> _Exercise objective_:
Produce as output only the lines below starting at the line with "Enjoy this elegant" and continuing through the line with "そして5校時は5年生と6年生", each one exactly as written.

> _Record excerpts_:

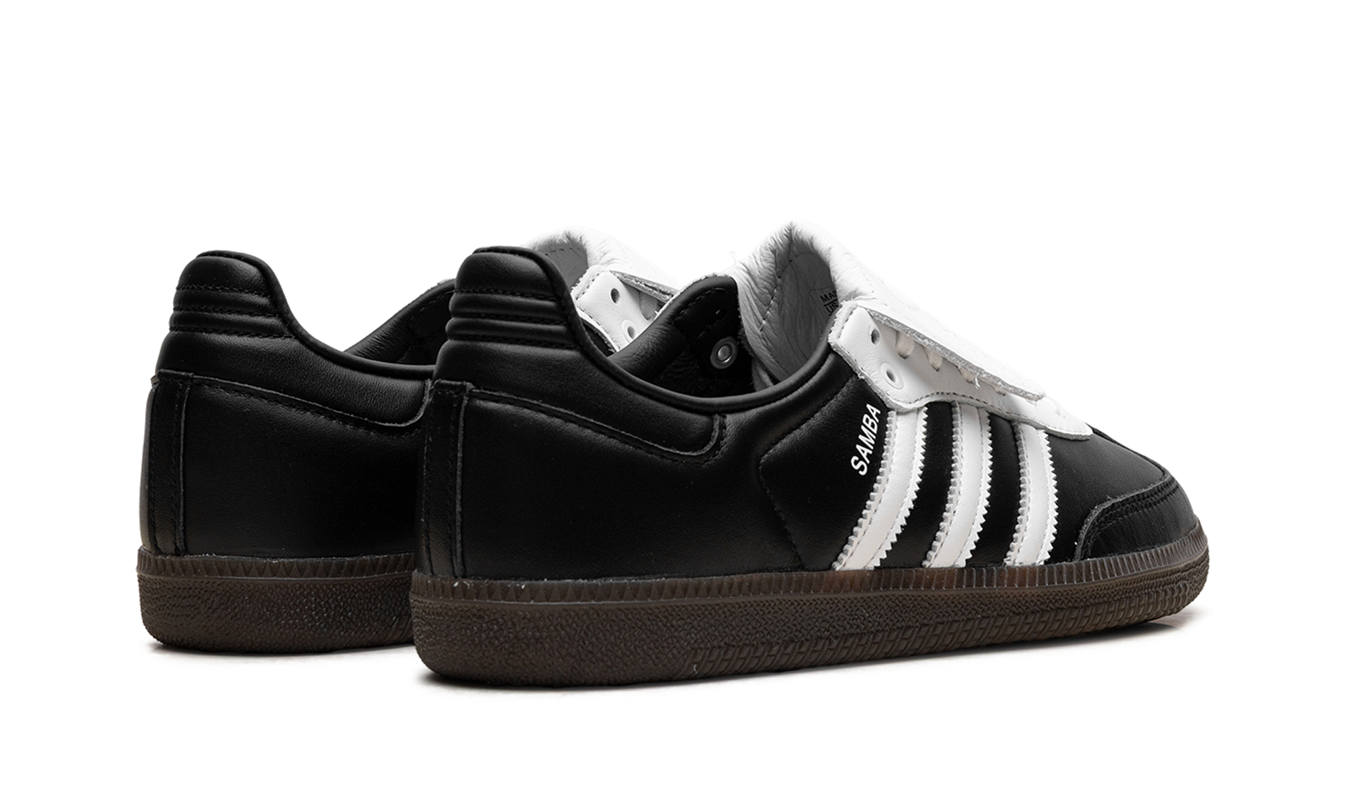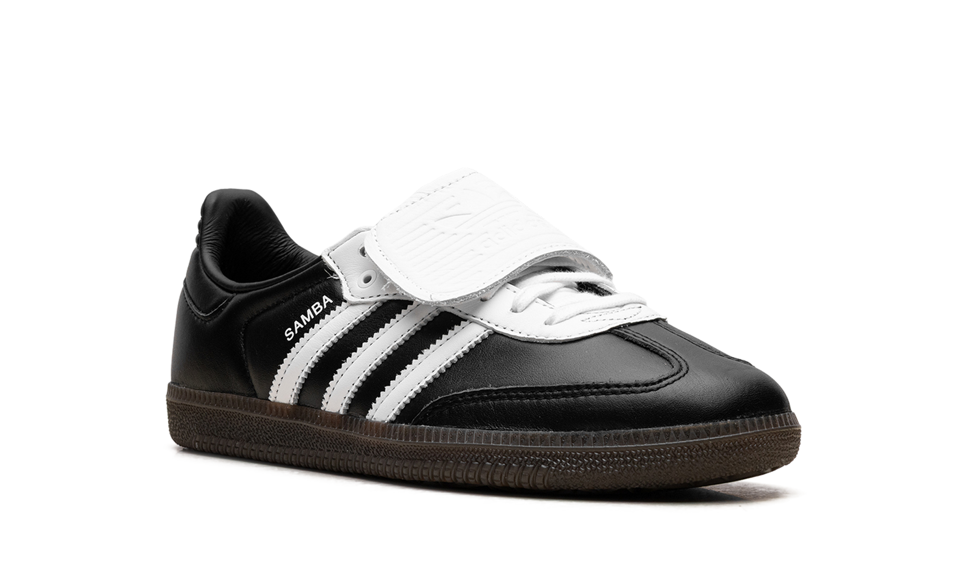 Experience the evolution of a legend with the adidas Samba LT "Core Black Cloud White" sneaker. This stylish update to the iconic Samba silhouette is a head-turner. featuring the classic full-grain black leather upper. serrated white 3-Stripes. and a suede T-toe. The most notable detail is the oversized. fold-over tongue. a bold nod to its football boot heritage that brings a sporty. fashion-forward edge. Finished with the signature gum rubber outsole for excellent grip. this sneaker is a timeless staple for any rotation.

==

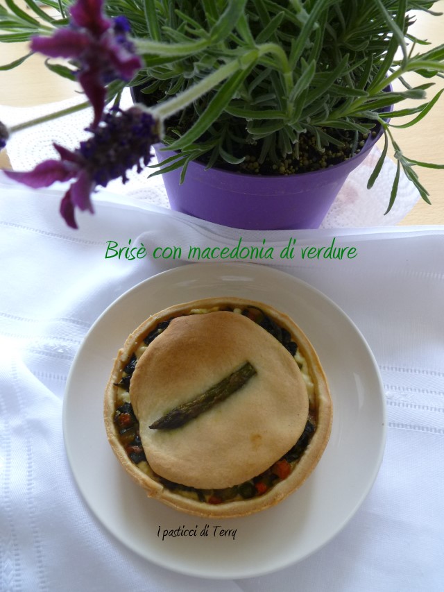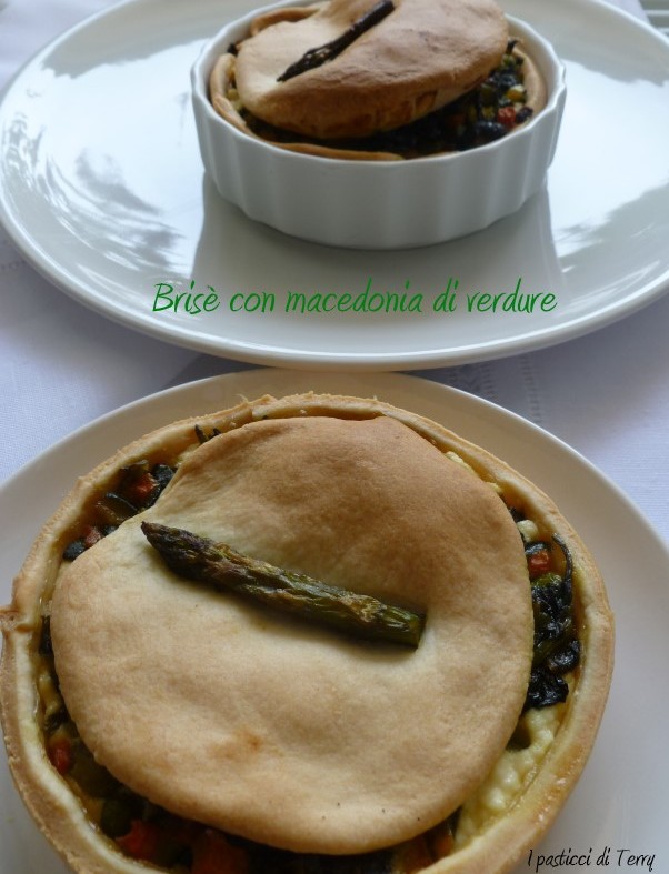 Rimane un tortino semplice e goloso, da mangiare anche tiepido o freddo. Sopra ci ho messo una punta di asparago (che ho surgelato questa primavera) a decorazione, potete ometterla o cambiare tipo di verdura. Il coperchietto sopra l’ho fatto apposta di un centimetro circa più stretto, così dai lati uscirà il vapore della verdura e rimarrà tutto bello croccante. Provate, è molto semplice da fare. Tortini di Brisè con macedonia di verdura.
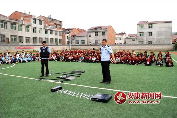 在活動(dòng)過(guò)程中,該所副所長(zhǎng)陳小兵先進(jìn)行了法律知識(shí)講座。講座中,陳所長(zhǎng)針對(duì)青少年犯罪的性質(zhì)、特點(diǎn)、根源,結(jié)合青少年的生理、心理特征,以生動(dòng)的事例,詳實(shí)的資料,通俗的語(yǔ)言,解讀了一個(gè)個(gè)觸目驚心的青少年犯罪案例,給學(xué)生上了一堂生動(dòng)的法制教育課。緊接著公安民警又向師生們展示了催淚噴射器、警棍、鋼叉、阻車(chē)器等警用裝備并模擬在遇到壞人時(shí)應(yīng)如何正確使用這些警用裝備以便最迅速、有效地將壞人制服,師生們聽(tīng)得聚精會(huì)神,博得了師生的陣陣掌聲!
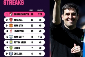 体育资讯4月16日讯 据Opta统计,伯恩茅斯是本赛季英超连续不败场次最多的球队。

--

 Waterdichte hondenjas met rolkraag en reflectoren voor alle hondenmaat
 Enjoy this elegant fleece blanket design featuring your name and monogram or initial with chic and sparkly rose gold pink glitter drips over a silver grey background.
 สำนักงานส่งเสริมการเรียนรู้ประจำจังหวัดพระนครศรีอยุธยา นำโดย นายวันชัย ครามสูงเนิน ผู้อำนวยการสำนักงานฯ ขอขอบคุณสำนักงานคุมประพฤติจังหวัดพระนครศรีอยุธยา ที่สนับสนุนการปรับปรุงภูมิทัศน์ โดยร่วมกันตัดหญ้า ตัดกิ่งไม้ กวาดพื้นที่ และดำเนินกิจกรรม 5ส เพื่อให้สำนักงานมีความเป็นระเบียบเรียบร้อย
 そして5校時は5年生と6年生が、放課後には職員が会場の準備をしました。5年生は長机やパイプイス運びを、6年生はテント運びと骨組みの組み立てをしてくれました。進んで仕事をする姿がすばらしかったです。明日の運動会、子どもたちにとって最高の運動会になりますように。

> _Expected output_:
 Enjoy this elegant fleece blanket design featuring your name and monogram or initial with chic and sparkly rose gold pink glitter drips over a silver grey background.
 สำนักงานส่งเสริมการเรียนรู้ประจำจังหวัดพระนครศรีอยุธยา นำโดย นายวันชัย ครามสูงเนิน ผู้อำนวยการสำนักงานฯ ขอขอบคุณสำนักงานคุมประพฤติจังหวัดพระนครศรีอยุธยา ที่สนับสนุนการปรับปรุงภูมิทัศน์ โดยร่วมกันตัดหญ้า ตัดกิ่งไม้ กวาดพื้นที่ และดำเนินกิจกรรม 5ส เพื่อให้สำนักงานมีความเป็นระเบียบเรียบร้อย
 そして5校時は5年生と6年生が、放課後には職員が会場の準備をしました。5年生は長机やパイプイス運びを、6年生はテント運びと骨組みの組み立てをしてくれました。進んで仕事をする姿がすばらしかったです。明日の運動会、子どもたちにとって最高の運動会になりますように。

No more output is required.